The document discusses general insurance concepts including basic terminology, requirements for insurable risk, and principles of insurance. It defines key terms like insurance, insurer, insured, premium, policy, risk, peril, and hazard. The six requirements for a risk to be insurable are outlined. The seven principles of insurance are explained in detail, including indemnity, insurable interest, utmost good faith, contribution, average, subrogation, and proximate cause. Finally, the document categorizes insurance into life, general, fire, health, motor, and marine types.
2. BASIC TERMINOLOGY
• Insurance - method of transferring the risk of financial losses from one entity to
another in exchange of premium.
• Insurer - company selling the insurance
• Insured - person/ entity whose risk is covered through insurance
• Premium - charge for a certain amount of coverage
• Policy - written contract or certificate of insurance
• Risk - uncertainty of future or deviation from expected outcome resulting into
losses
• Peril - cause of a risk and losses, e.g. natural disasters
• Hazard - condition that increases the frequency or severity of loss, e.g. open
electric wires
3. REQUIREMENTS FOR INSURABLE RISK
Pure risk Large no. of exposure units
Accidental & Unintentional Measurable
Feasible premium No high probability of loss
“Insurance is subject matter of solicitation”
4. PRINCIPLES OF INSURANCE
Principles of Insurance guides out the norms to be followed for existence of
contract between the insurer and insured, in absence of which the insurance
contract could be void.
1. Principle of Indemnity
2. Principle of Insurable Interest
3. Principle of Utmost good faith
4. Principle of Contribution
5. Principle of Subrogation
6. Principle of Average
7. Principle of Proximate cause
5. PRINCIPLES OF INSURANCE
1. Principle of Indemnity – It states that the insurer will compensate only the loss
amount and not provide any sort of profit. It ensures to provide guaranteed
coverage that would be enough to put the insured back to the financial position
prior to loss.
2. Principle of Insurable Interest – It states that the insured must hold significant
interest in the subject matter of insurance i.e. should be the owner. It should be
evidenced that the insured is interested in preservation of thing, life or health
insured and would suffer loss in case of damage.
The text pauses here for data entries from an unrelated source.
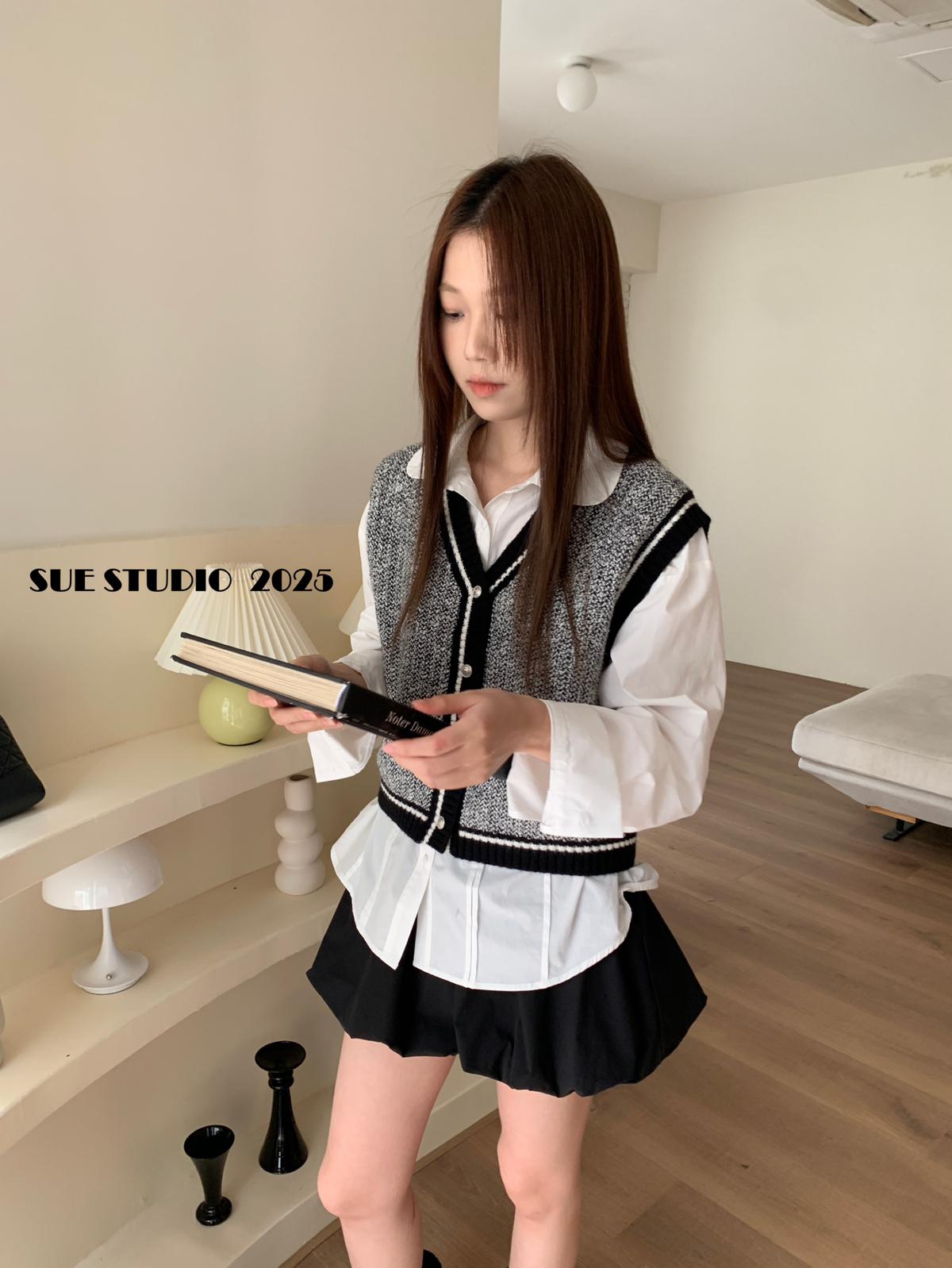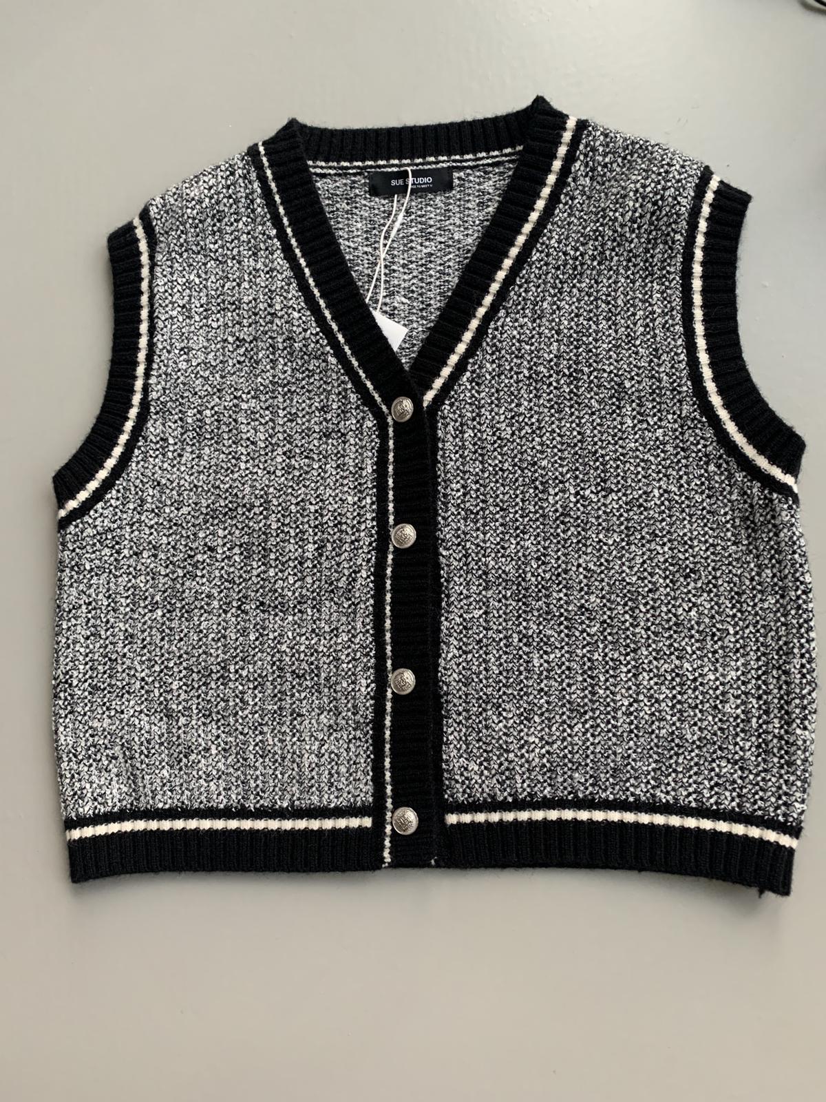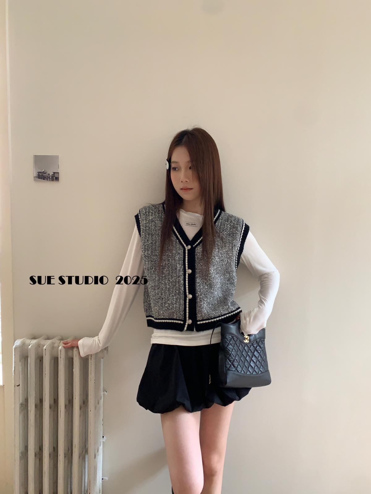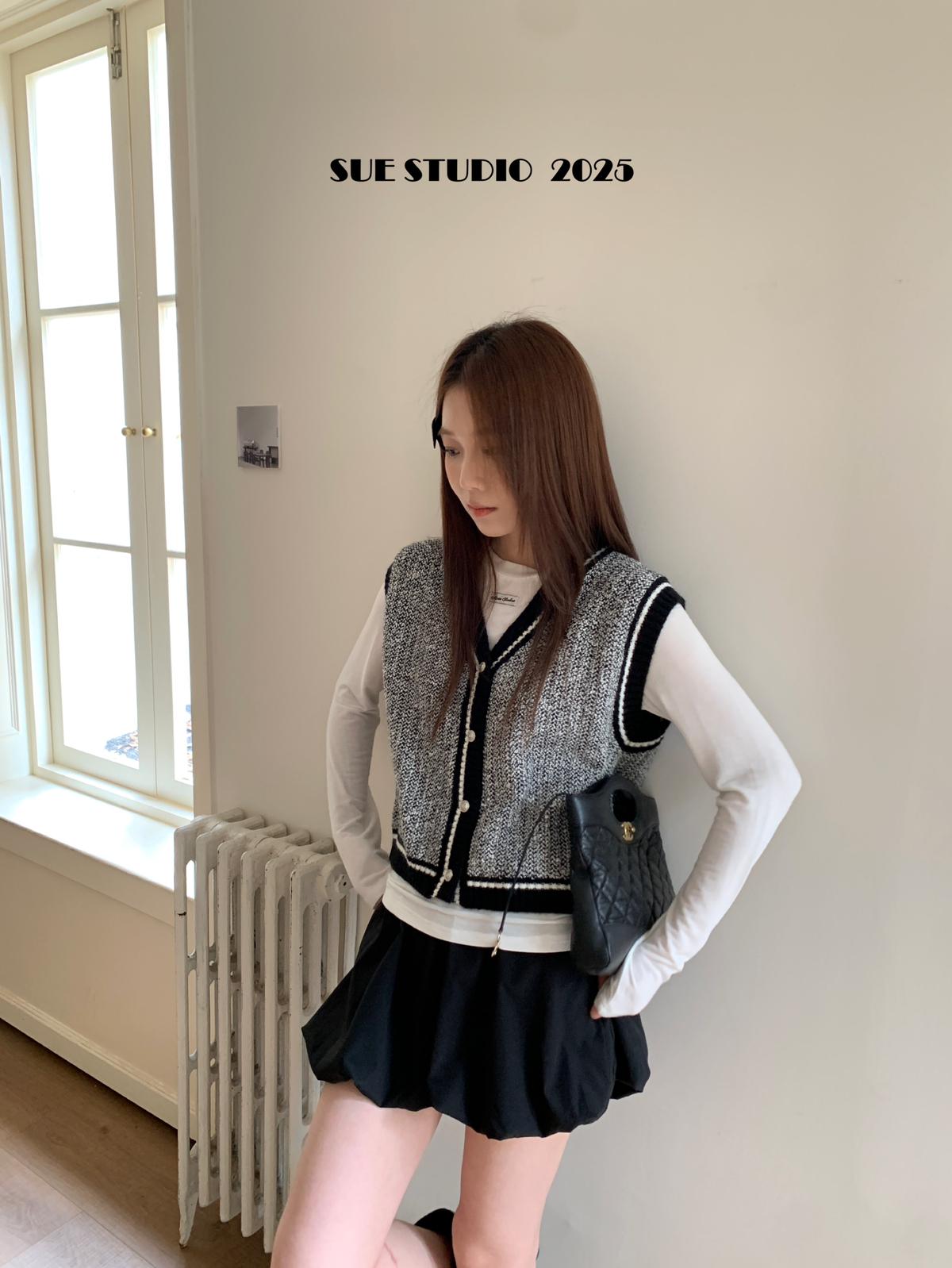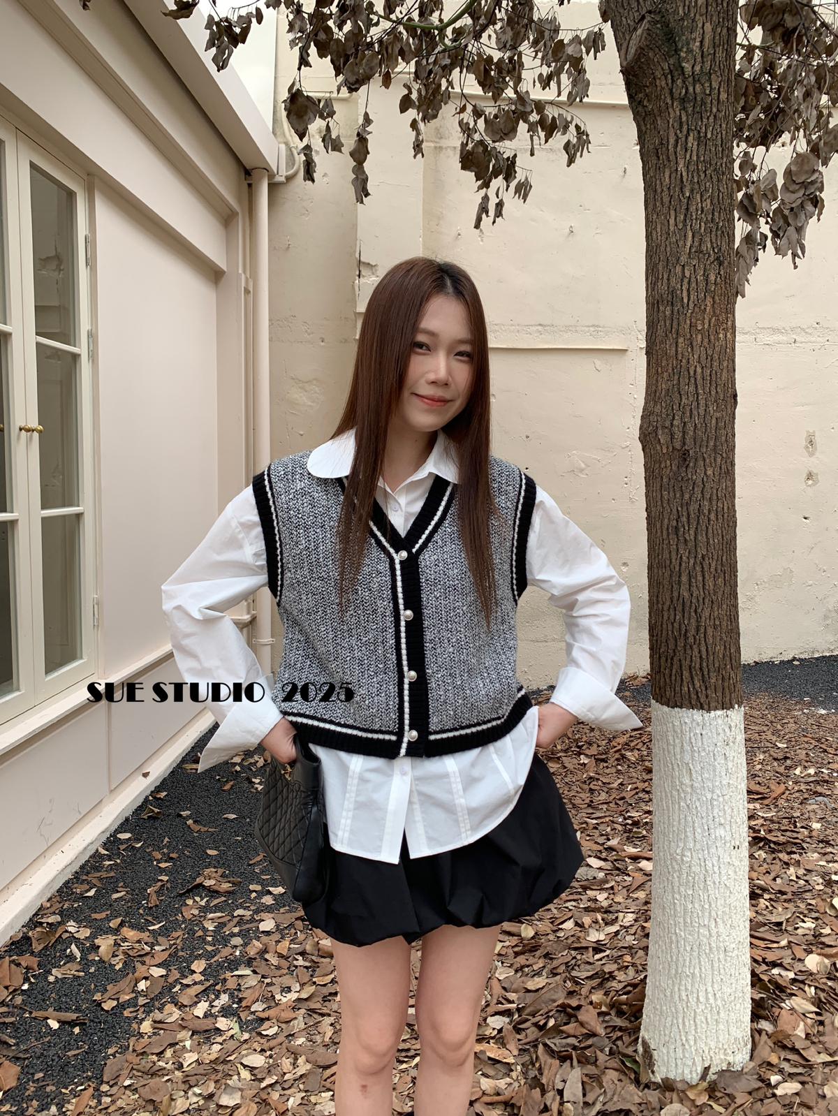 3. 【C7114】韓系小香風簡約百搭拼色單排扣無袖馬甲
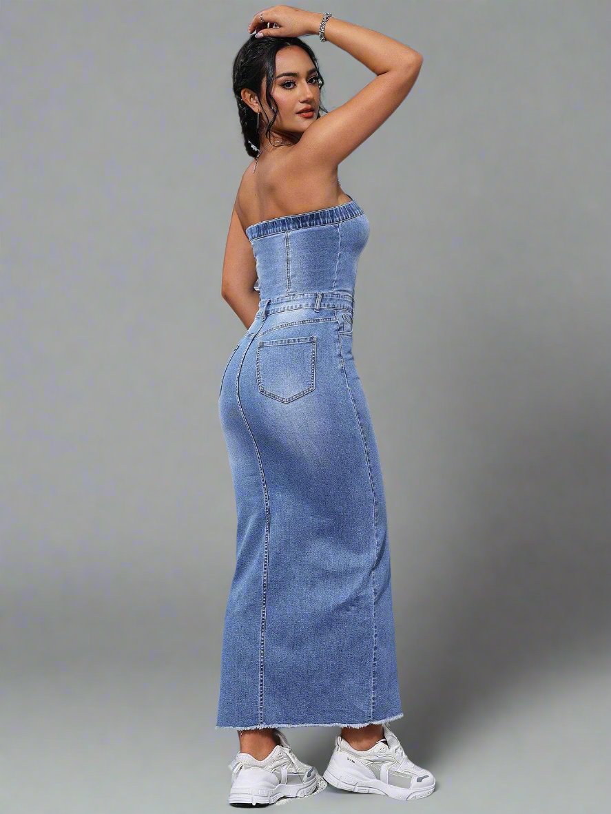 Effortlessly elevate your style with our Chic and Sexy Sleeveless Denim Maxi Dress. Show off your curves with the bodycon fit while staying cool and comfortable in the sleeveless design. Perfect for any occasion, this dress features a daring slit for a touch of sexiness.
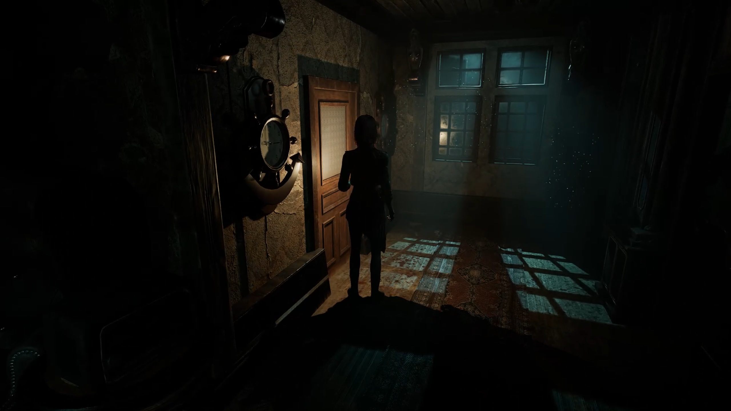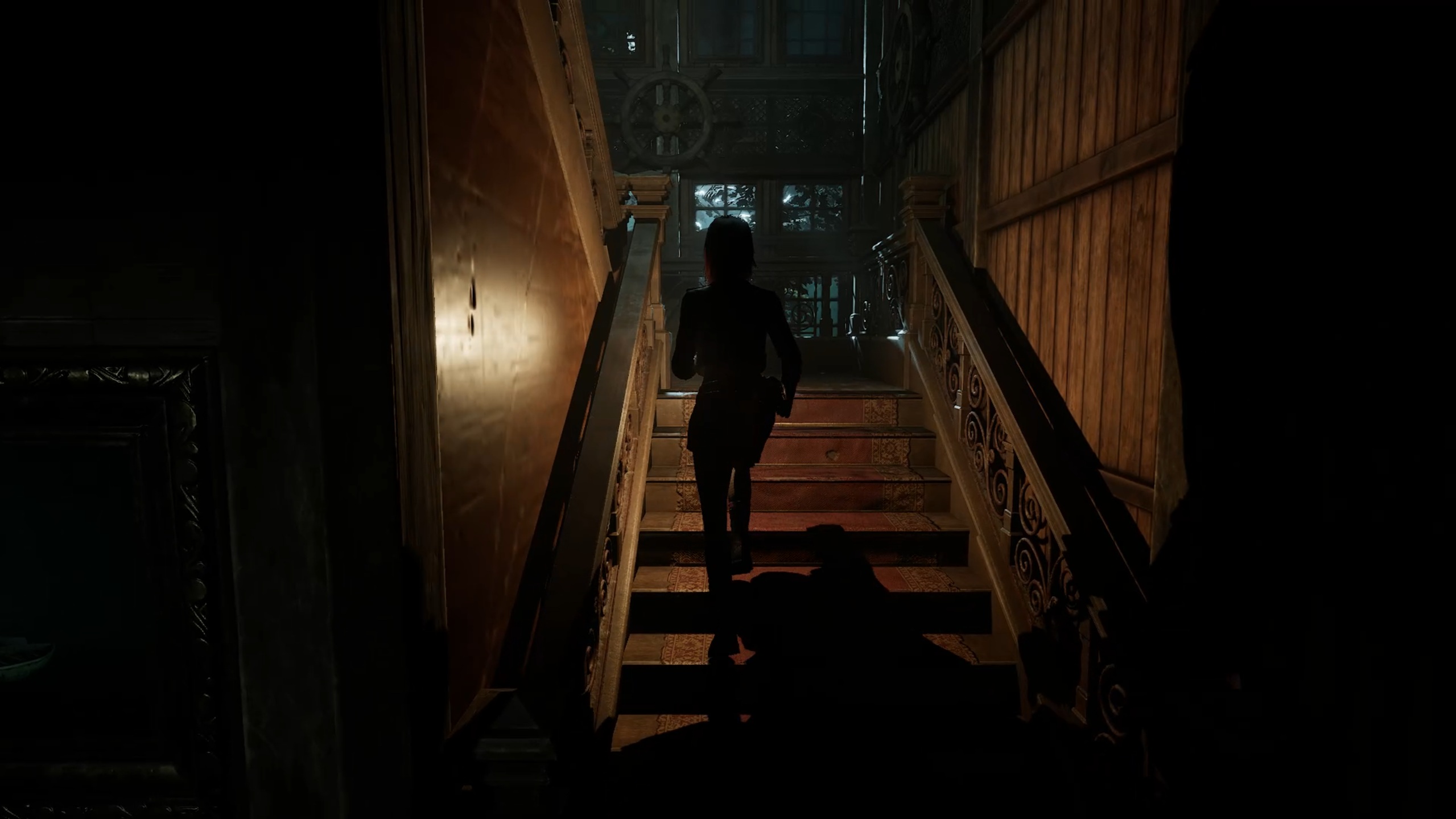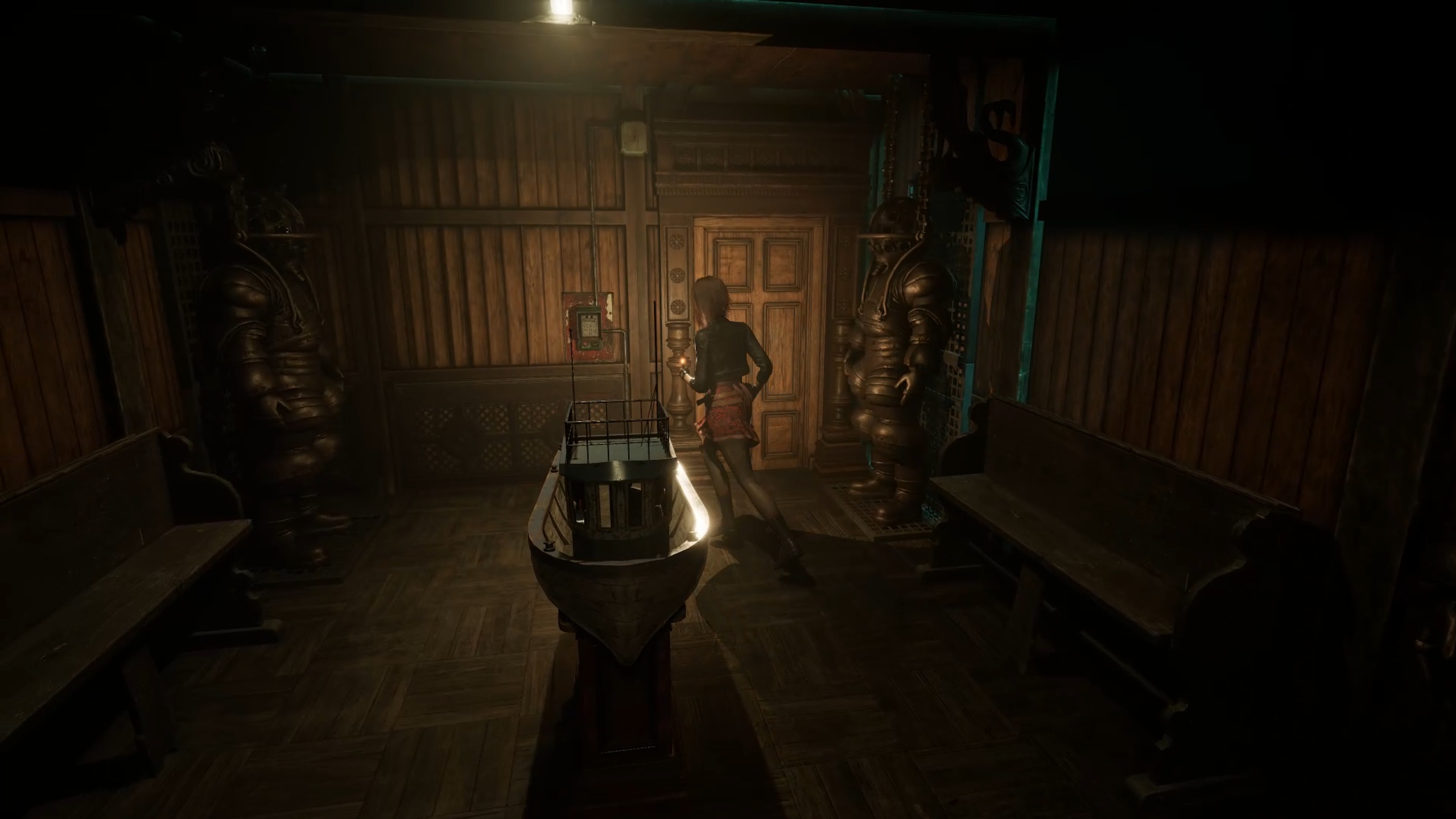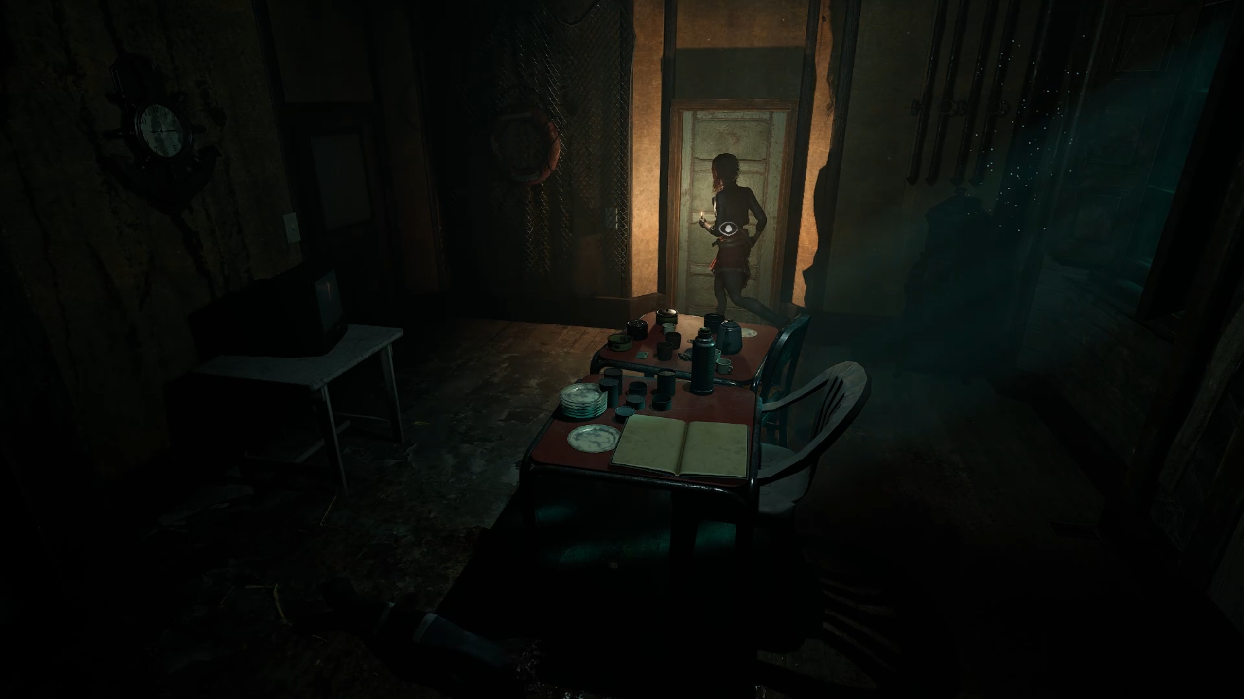 Rejoignez désormais l’aile supérieure pour aller au fond du couloir et insérer les batteries dans le digicode. Utilisez le code 1765, issu de l’indice trouvé dans la réserve, pour entrer dans la salle à manger. Descendez ensuite au rez-de-chaussée et interagissez avec la statue portant un scaphandre afin de récupérer une plaque à œil. Un combat se déclenche alors : éliminez la menace pour vous libérer, puis rendez-vous dans les cuisines.

3. Principle of Utmost good faith – According to this principle, both the parties to
the insurance contract must disclose all fact material to the risk, voluntarily to
each other.
6. PRINCIPLES OF INSURANCE
4. Principle of Contribution – This principle is implemented when multiple
insurance policies are covering the same property then in case of loss, coverage is
provided proportionally by all insurance companies.
5. Principle of Average – This principle is applicable in case of under-insurance
where the payout against a claim will be in same proportion as the value of under-
insurance. Also, known as proportionate settlement.
6. Principle of Subrogation - As per this principle after the insured is compensated
for the loss due to damage to property insured , then the right of ownership of
such property passes on to the insurer.
7. Principle of Proximate cause – In a series of event where loss has incurred due
to more than one cause in succession, the proximate/nearest cause is identified and
if that cause is insured against insurance co. is bound to pay and vice-versa.